A Reason to Cry
Serving the Lord with all humility of mind, and with many tears, and temptations.
My wife and I have been blessed the last few days to have our daughter, and our two grandchildren, visit with us. Observing these two grandchildren is one of the joys of life. Rory, being three years old, is a chatterbox and a little bundle of mischievousness — she rarely, like a whirlwind, leaves an area like she found it. Anthony, having just turned one, and recently just found his legs ambles about his world in staggering steps all the while chanting some strange song in an unknown tongue.
Crying is no stranger to either of these small wonders, however, there is a noticeable difference in the usage of their crying. Anthony, like most all babies, cries to communicate almost every discomfort he experiences–diaper problems, hunger, sleepy, bruised knees from falling or just on principle alone… seldom is his crying due to emotional inspiration… it is more an alert siren of some ongoing physical condition. Rory, on the other hand, has developed a more refined crying. She cries more often from an emotional situation rather than a physical one. Rory is able to communicate her feelings and wants with words… if she is hungry she announces it verbally to her Mom. Her crying, more often than not, is usually due to hurt feelings, disappointment due to not having her way or not wanting to go to bed.
It appears therefore that the older we become the more refined our crying becomes but, if we are honest, we realize that we never truly outgrow the need to cry.
We are born to cry. Literally, our first action outside the womb is crying, a response to feeling wet, cold, hunger, starved of oxygen, etc. Crying is something unique to humans, the only species that has a link between the tear-producing gland and the area of the brain that processes emotion.
As a newborn the sound of our screams and the tears on our face reassured the nurses, doctors, and family that we are healthy babies, and our audience responds with expressions of delight (perhaps even tears themselves), and eagerly reaches out to us positively reinforcing our action.

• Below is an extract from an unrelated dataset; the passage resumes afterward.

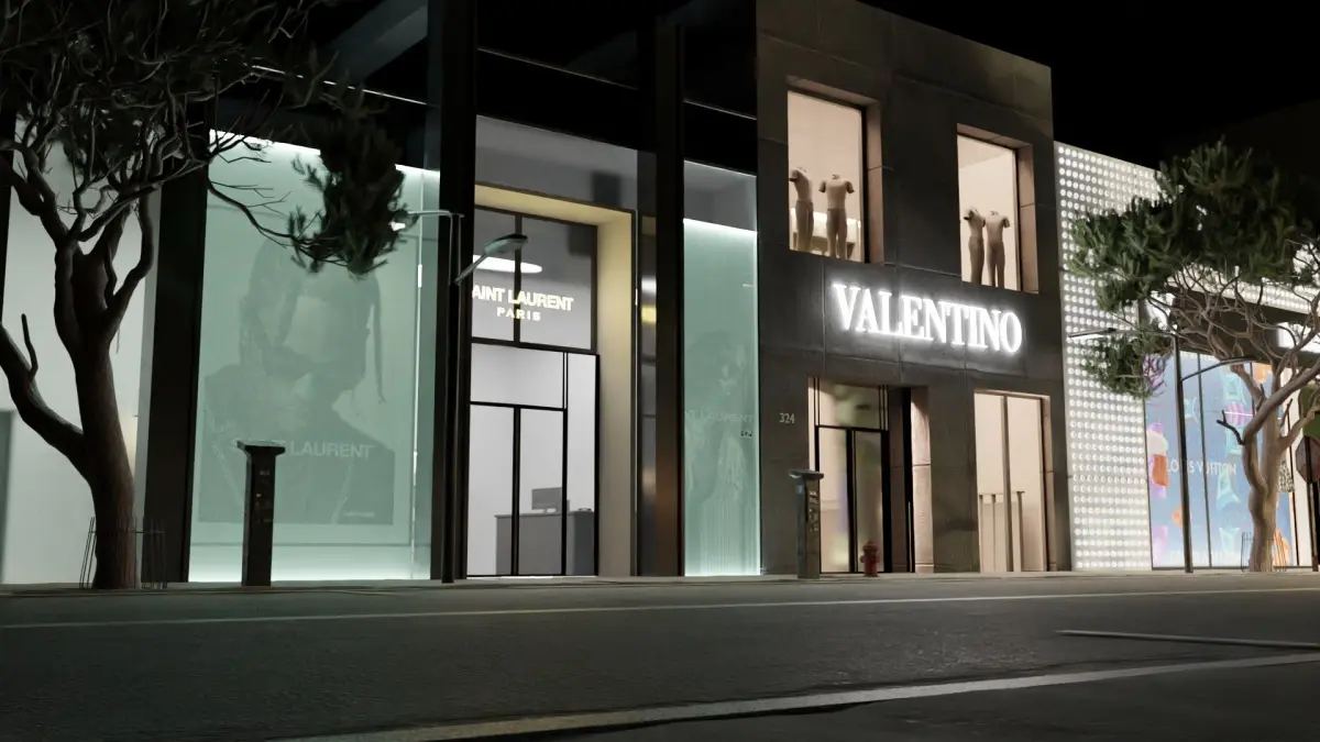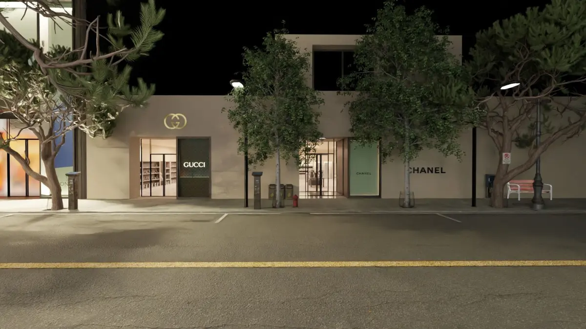 3D model of rodeo drive with 5 different luxury stores

From this early age of approximately one minute, we begin to realize the efficacy of our crying. People rapidly respond to and alleviate any physical and emotional discomfort that we’re experiencing, offering us blankets, a nipple to suckle, and the security of our mother’s nurturing arms. It is not until we develop the capacity for speech that crying ceases to be our primary means of communication.
Though the motive of tears has changed for us adults, it may be useful to continue to think of crying as a form of communication that’s employed when verbal communication proves inadequate. Children, like many adults, lack the capacity to understand and express their emotions coherently, and so they use crying to articulate their general state of distress.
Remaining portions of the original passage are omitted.